Say I have the string "Torcellite" and another string "Tor" - the similarity length of these two strings is 3 since both of them begin with "Tor". Now another string "christmas" and "mas" would have a similarity of 0 since they do not begin with the same set of characters.
In both cases, the second string is a suffix of the first string.
A clearer example:
Length of string: 1 to 10^5
String: abaabc
Suffixes: abaabc
, baabc
, aabc
, abc
, bc
, c
Similarity: abaabc
, none, a
, ab
, none, none
Similarity Length: 6, 0, 1, 2, 0, 0
Answer: 6+0+1+2+0+0 = 9
I have an inefficient logic to find these partial suffixes matches using regex.
Algorithm:
Make a pattern from the substrings of the suffixes.

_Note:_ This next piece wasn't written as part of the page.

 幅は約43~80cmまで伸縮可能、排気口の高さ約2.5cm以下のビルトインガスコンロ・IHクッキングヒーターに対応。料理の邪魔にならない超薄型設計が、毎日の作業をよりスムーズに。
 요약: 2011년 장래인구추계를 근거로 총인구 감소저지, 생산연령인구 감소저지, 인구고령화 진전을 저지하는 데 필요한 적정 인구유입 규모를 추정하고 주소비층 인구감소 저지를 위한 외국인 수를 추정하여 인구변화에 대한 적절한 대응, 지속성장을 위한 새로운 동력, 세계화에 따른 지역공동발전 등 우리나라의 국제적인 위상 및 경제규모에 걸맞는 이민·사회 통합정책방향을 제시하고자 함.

for(int i=1; i<substrings[i].length; i++) {
Pattern p = Pattern.compile("^"+substrings[i].substring(0, i));
Matcher m = p.find(string); //the given string for which similarities need to be calculated
if(m.find())
similaryLengths += i;
}
The complexity for this becomes roughly O(n^2) since I need to run through the string for suffixes and then the substrings for patterns.
I've thought of using grouping in the pattern to find the groups but I'm unsure what the regex would look like. What I have in mind is for the very first substring is: ((((((a)b)a)a)b)c)

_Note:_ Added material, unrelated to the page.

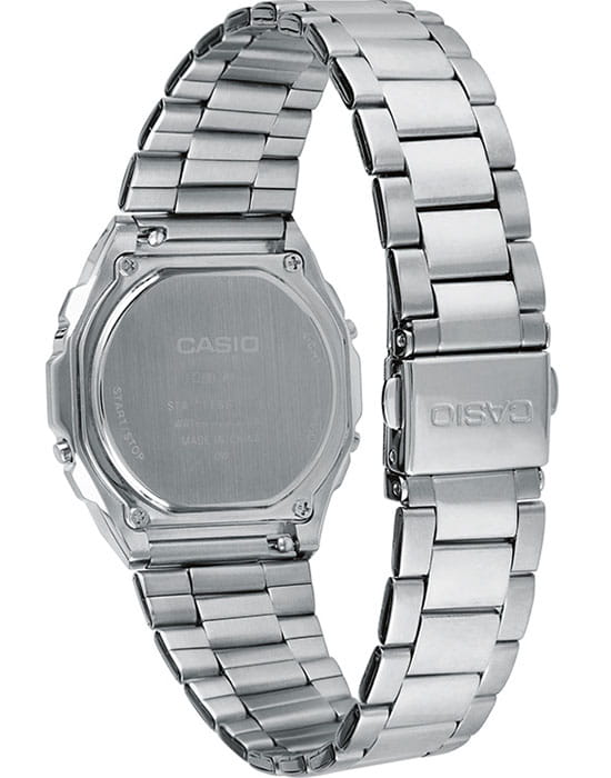 Серебристый аксессуар с фирменным для Casio 8-угольным корпусом будет гармонично смотреться как с деловым пиджаком, так и с повседневной водолазкой. Оригинальности добавляет переливающийся цифровой дисплей. Ударопрочный корпусУдаропрочный корпусМеханизм заключён в корпус, выполненный из современных материалов, устойчивых к ударам, механическим повреждениям и падению с высоты: инновационный пластик, карбон, нержавеющая сталь, титан. и браслет с предохранительной застёжкой сделаны из нержавеющей стали 316L. Надёжное минеральное стекло. Срок работы батарейки - 3 года. Наличие будильника, секундомера, календаря. Светодиодная подсветкаСветодиодная подсветкаСветодиодная или LED-подсветка обеспечивает появление яркого холодного свечения за счёт LED-элементов - маленьких лампочек. Они потребляют минимальное количество энергии, чаще всего можно встретить 1 светодиод, в нижней части циферблата. дисплея. Габариты: 38 x 39,6 x 7,3 мм.

and then find the longest group match.
Is there a more efficient algorithm that can achieve his?
The best approach, by far, would be to build a suffix tree on the input string. Building suffix trees takes only O(n) time where n is the length of the string. A suffix tree consists logically of a tree in which all the suffixes of the string can be found by walking from the root to each leaf. You can read Wikipedia for more details on how these trees work.
Essentially, a suffix tree will allow you to simply recast your current problem as one of "finding" the original string in the suffix tree. As you walk down the tree, you count the number of suffixes in each subtree, and multiply by your current match length to determine your score. This "search" takes O(n) time too.
So the final result is that you can solve the problem in guaranteed O(n) time and O(n) space, with O(n) preprocessing time. This is pretty efficient! And, there are no "worst cases" that produce quadratic behaviour. With that you can probably handle strings up to 10^7 in length easily.
The only difficulty in implementation will be building the suffix tree, but you can find freely available code for that.